**What to do**.
Please write out only the lines from the line with "NWT Simply Vera" to the line with "另外,请报名的同学扫码入群,二维码失效后", inclusive, exactly as they stand below, without the pictures.

**Task input**.
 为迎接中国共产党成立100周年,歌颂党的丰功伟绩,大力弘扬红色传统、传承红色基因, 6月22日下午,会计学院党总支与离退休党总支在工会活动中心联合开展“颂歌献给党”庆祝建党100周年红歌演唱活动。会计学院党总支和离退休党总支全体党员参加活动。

...

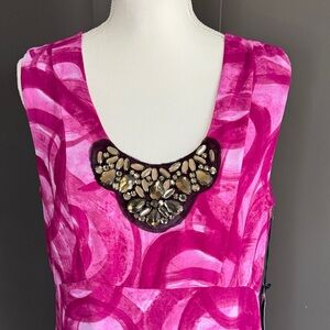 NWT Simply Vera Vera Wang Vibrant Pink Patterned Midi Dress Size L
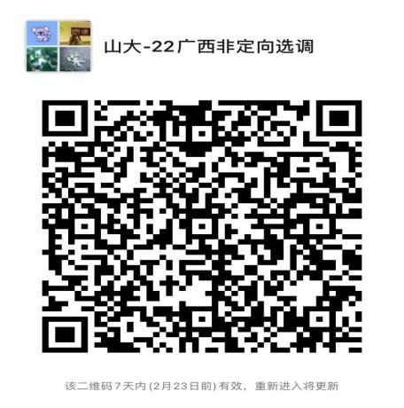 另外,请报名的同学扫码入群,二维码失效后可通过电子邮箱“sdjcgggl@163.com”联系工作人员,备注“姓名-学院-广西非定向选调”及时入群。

**Response**.
 NWT Simply Vera Vera Wang Vibrant Pink Patterned Midi Dress Size L
 另外,请报名的同学扫码入群,二维码失效后可通过电子邮箱“sdjcgggl@163.com”联系工作人员,备注“姓名-学院-广西非定向选调”及时入群。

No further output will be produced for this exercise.